PROBLEM:
For the data below, transcribe the part that opens with the line containing "Résidence de Rignac, Aix-sur-Vienne" and closes with the line containing "Cerimônia ocorreu na Escola 20 de Maio", exactly and with no pictures.

Data entries:
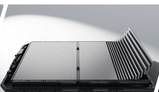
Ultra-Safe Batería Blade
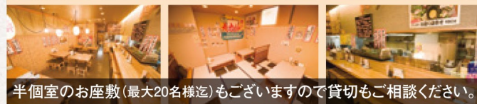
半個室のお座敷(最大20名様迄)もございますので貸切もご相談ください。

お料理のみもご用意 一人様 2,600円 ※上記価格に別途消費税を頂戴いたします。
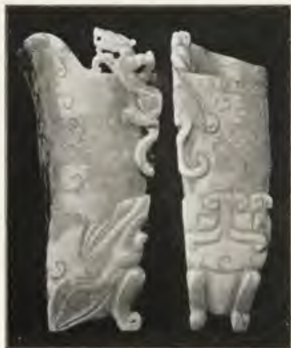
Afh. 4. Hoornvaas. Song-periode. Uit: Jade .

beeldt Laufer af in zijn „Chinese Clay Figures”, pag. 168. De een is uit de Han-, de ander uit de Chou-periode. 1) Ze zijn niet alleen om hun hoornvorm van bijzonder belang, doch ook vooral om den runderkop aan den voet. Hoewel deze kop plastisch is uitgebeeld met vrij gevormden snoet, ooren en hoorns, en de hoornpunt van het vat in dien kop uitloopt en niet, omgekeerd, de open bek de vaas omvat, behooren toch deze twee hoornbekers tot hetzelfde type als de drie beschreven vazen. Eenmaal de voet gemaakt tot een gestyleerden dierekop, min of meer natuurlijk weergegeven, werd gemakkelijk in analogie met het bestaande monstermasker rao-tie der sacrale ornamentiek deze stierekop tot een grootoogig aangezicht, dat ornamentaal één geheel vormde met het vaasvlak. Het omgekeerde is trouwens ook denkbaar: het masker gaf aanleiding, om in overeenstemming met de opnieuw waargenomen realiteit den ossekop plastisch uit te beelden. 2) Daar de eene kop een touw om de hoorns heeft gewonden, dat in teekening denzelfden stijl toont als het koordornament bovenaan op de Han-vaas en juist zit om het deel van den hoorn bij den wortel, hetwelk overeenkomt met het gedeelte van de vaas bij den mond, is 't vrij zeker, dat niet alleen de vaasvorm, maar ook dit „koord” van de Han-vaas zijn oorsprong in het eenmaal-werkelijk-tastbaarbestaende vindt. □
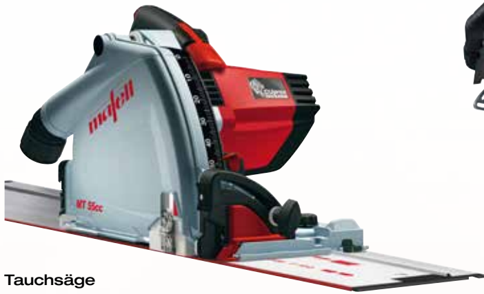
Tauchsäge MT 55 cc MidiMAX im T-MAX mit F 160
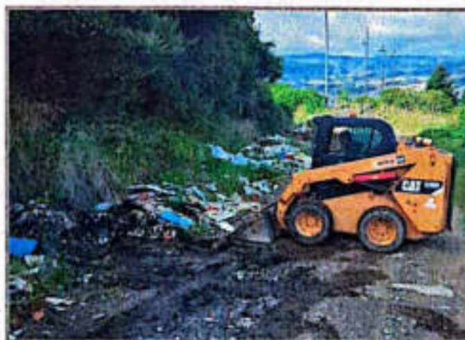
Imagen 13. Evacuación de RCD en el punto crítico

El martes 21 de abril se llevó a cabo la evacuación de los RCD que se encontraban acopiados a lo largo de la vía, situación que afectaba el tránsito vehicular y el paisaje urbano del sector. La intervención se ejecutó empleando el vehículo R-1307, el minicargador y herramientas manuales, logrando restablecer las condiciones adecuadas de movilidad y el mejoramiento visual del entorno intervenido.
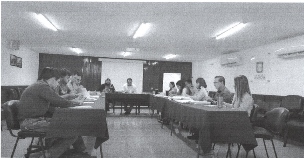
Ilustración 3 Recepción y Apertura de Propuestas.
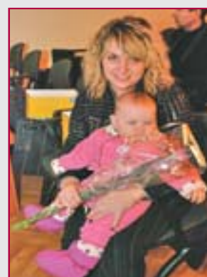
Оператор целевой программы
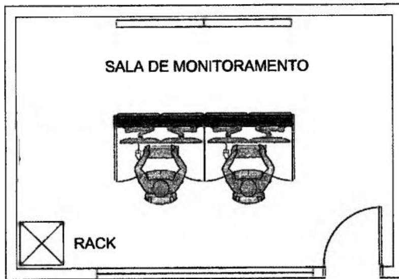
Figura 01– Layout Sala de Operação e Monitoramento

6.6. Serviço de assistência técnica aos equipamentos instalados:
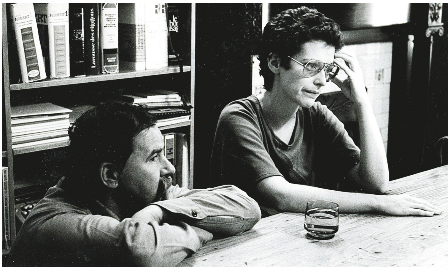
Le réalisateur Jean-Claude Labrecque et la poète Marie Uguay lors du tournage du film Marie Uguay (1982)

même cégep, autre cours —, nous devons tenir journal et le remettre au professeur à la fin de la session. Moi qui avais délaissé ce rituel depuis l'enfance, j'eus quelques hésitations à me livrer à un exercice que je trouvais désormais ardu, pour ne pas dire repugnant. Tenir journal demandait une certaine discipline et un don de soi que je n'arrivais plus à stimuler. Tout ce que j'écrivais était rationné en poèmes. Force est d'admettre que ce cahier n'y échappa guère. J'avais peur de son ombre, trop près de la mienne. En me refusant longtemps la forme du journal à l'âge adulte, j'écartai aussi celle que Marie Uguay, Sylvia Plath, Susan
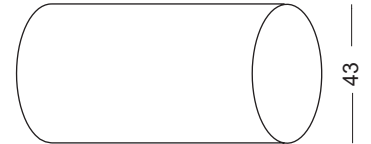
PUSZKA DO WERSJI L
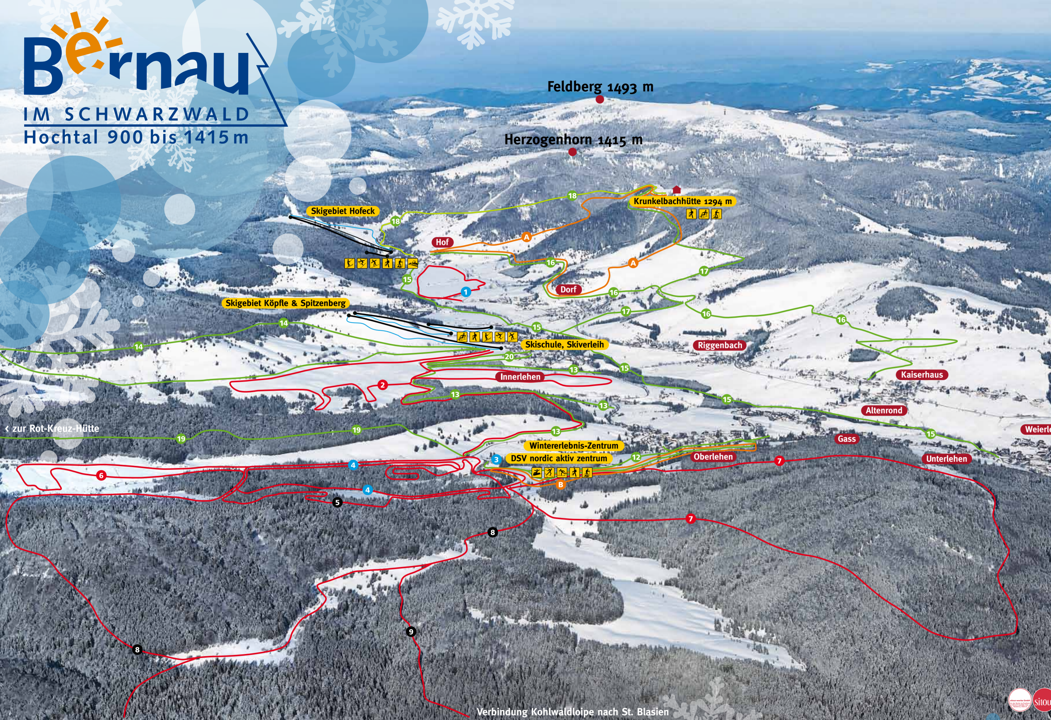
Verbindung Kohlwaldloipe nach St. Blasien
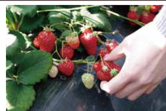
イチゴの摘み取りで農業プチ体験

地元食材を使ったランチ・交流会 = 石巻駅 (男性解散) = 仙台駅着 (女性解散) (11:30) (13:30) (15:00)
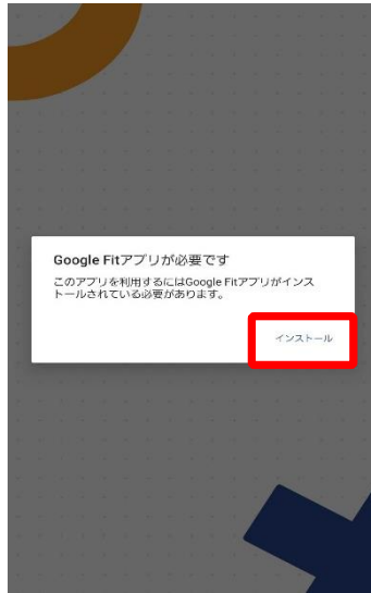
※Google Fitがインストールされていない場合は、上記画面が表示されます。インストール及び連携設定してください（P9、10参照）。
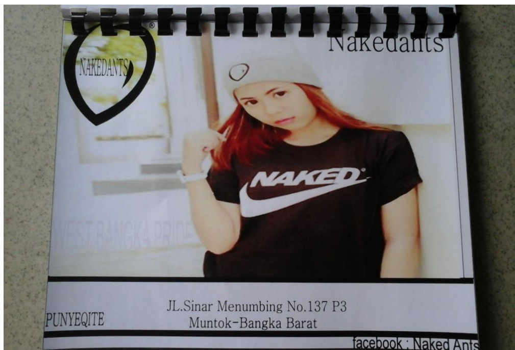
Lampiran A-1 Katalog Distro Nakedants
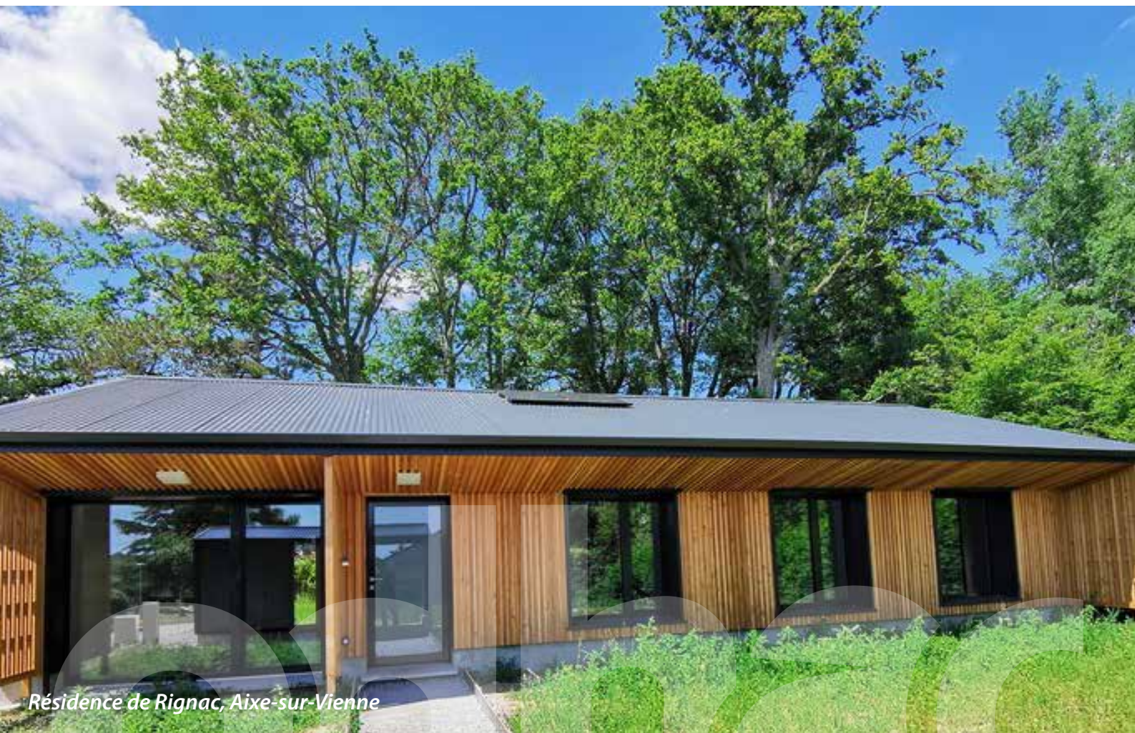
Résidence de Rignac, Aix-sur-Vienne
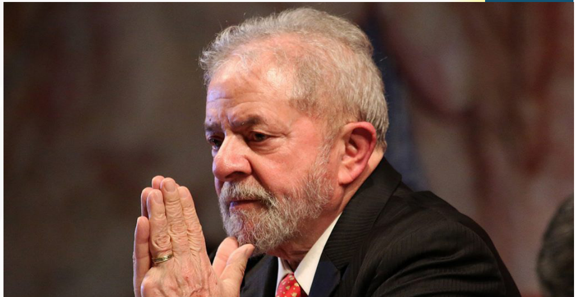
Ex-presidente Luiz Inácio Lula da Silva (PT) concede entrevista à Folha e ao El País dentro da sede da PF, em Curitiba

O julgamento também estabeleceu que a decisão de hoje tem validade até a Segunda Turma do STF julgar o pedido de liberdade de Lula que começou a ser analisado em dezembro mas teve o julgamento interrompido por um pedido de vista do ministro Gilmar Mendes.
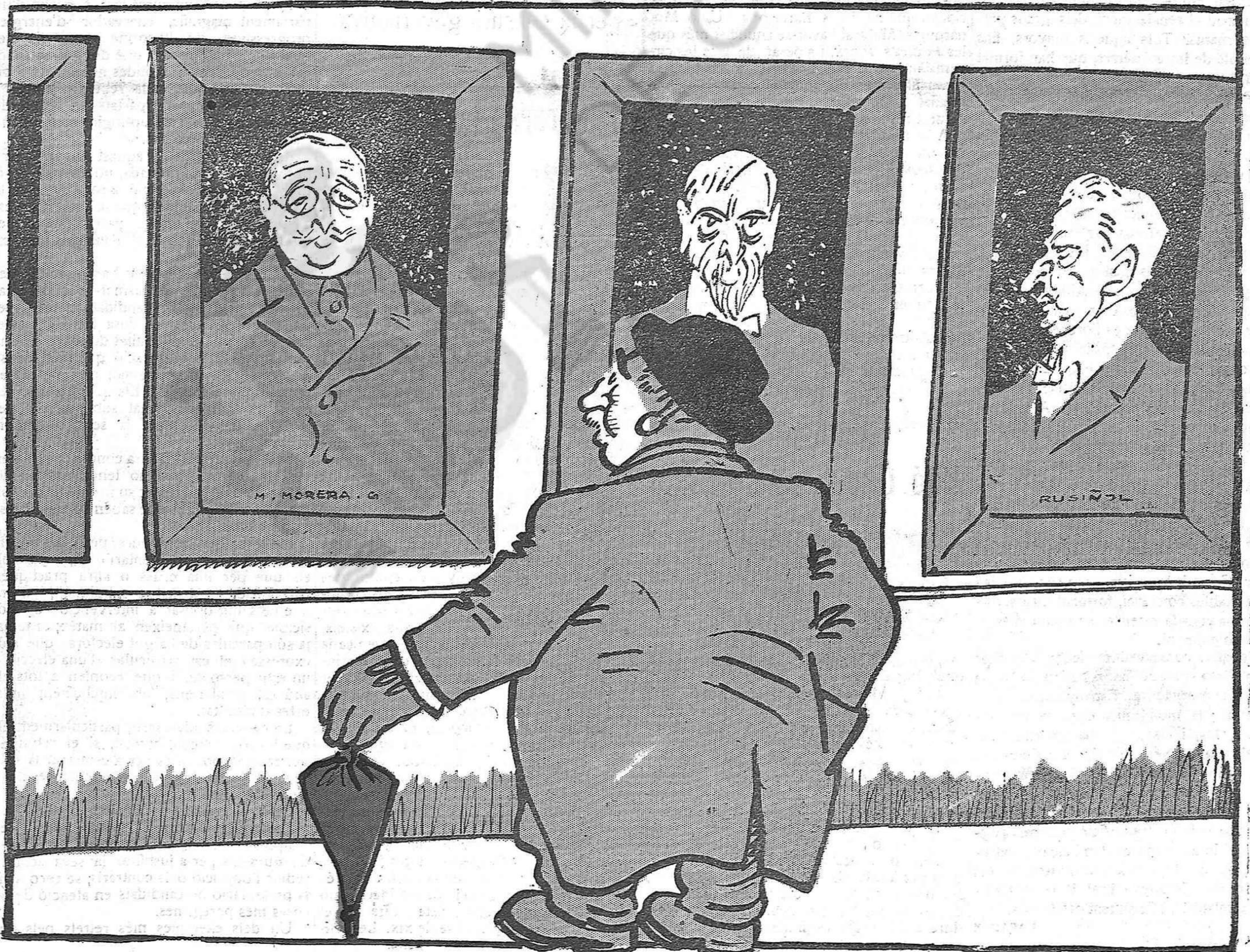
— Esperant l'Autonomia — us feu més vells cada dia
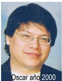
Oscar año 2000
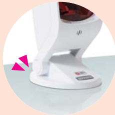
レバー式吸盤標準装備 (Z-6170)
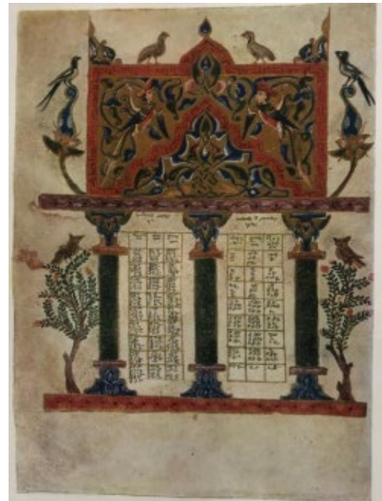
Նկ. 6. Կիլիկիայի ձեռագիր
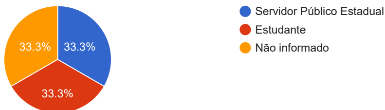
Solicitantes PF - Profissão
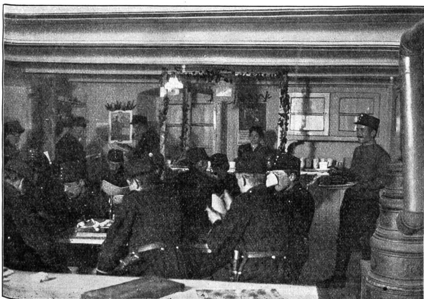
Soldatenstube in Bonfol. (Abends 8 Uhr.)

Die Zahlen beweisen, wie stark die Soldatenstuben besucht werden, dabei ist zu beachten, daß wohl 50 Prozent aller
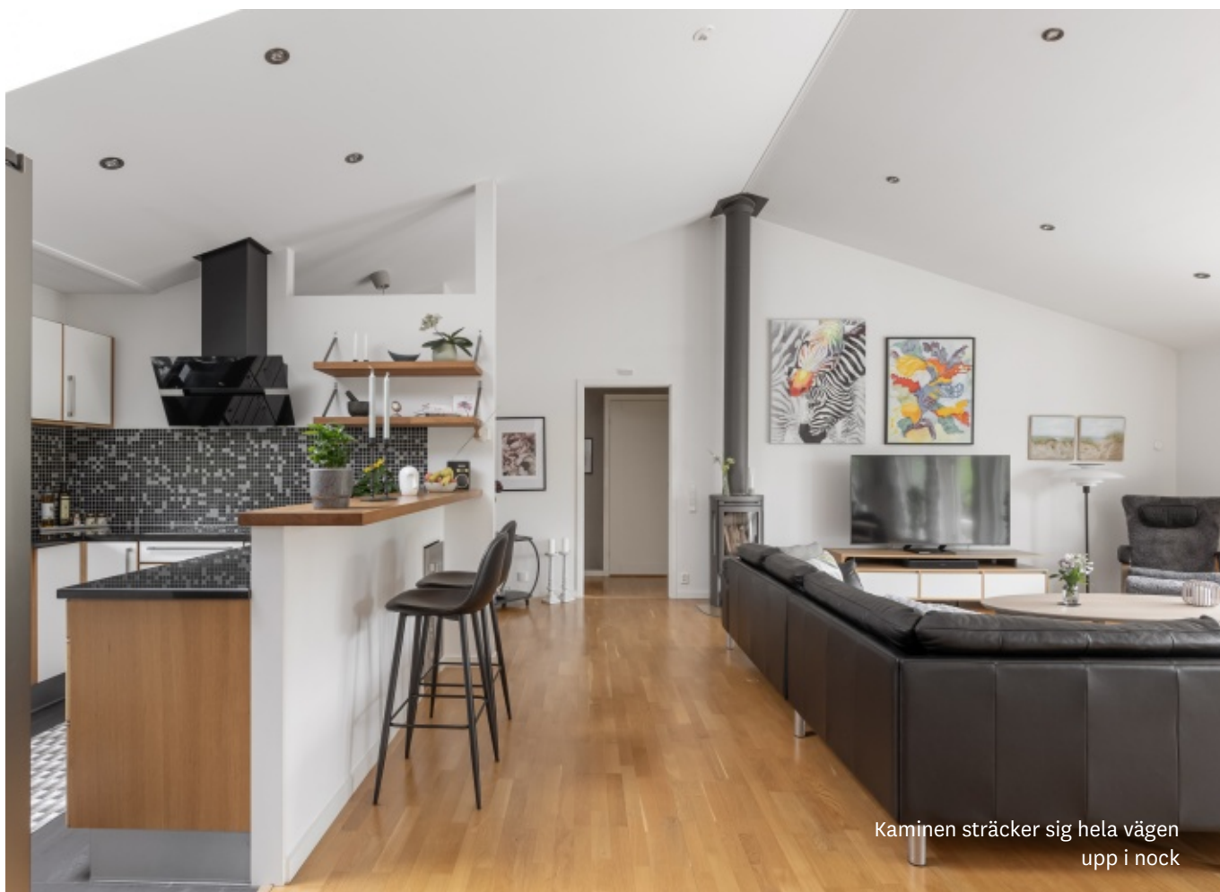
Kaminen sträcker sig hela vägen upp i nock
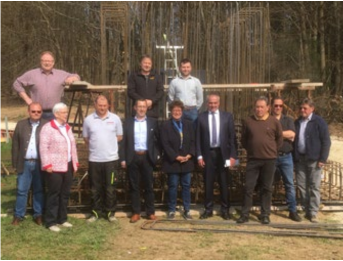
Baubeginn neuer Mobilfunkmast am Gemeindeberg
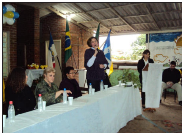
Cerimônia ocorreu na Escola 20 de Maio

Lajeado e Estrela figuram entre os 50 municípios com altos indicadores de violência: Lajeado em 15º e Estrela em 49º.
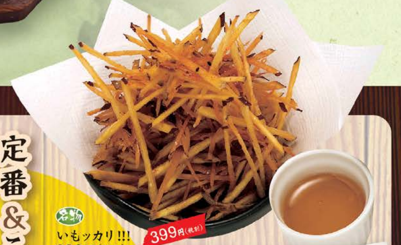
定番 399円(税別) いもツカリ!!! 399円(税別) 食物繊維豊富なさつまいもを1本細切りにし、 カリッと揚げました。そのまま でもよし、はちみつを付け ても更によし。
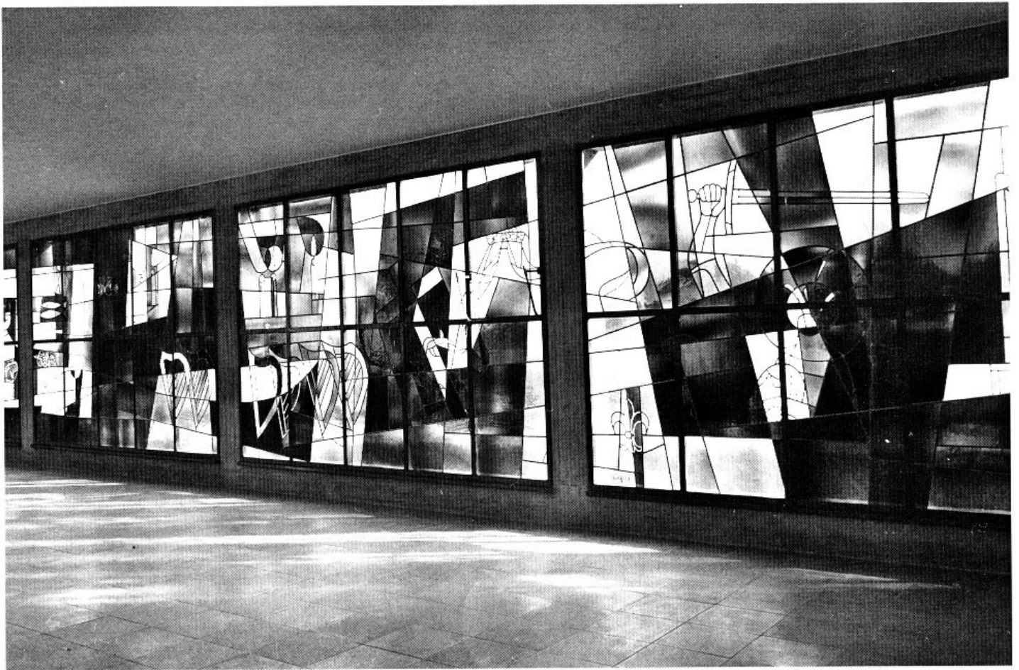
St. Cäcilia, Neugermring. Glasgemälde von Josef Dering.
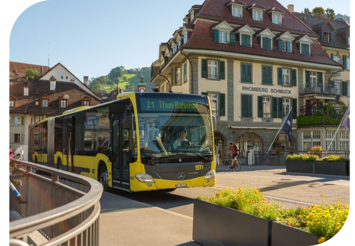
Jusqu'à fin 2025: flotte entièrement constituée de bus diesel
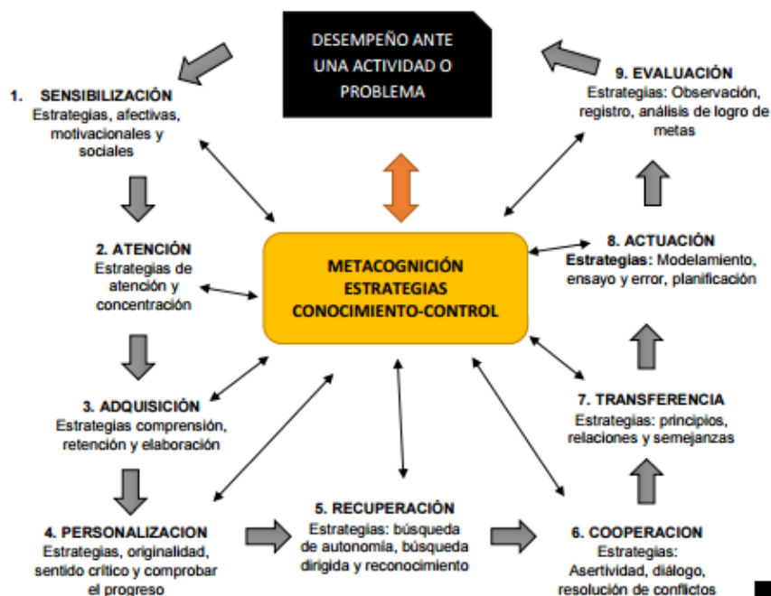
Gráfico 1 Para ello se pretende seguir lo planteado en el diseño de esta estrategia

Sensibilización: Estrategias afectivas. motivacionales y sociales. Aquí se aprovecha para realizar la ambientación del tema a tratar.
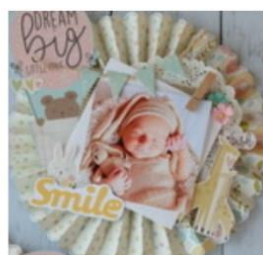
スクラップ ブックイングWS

SOLUTION TO THE PROBLEM:
Résidence de Rignac, Aix-sur-Vienne
Ex-presidente Luiz Inácio Lula da Silva (PT) concede entrevista à Folha e ao El País dentro da sede da PF, em Curitiba

O julgamento também estabeleceu que a decisão de hoje tem validade até a Segunda Turma do STF julgar o pedido de liberdade de Lula que começou a ser analisado em dezembro mas teve o julgamento interrompido por um pedido de vista do ministro Gilmar Mendes.
— Esperant l'Autonomia — us feu més vells cada dia
Oscar año 2000
レバー式吸盤標準装備 (Z-6170)
Նկ. 6. Կիլիկիայի ձեռագիր
Solicitantes PF - Profissão
Soldatenstube in Bonfol. (Abends 8 Uhr.)

Die Zahlen beweisen, wie stark die Soldatenstuben besucht werden, dabei ist zu beachten, daß wohl 50 Prozent aller
Kaminen sträcker sig hela vägen upp i nock
Baubeginn neuer Mobilfunkmast am Gemeindeberg
Cerimônia ocorreu na Escola 20 de Maio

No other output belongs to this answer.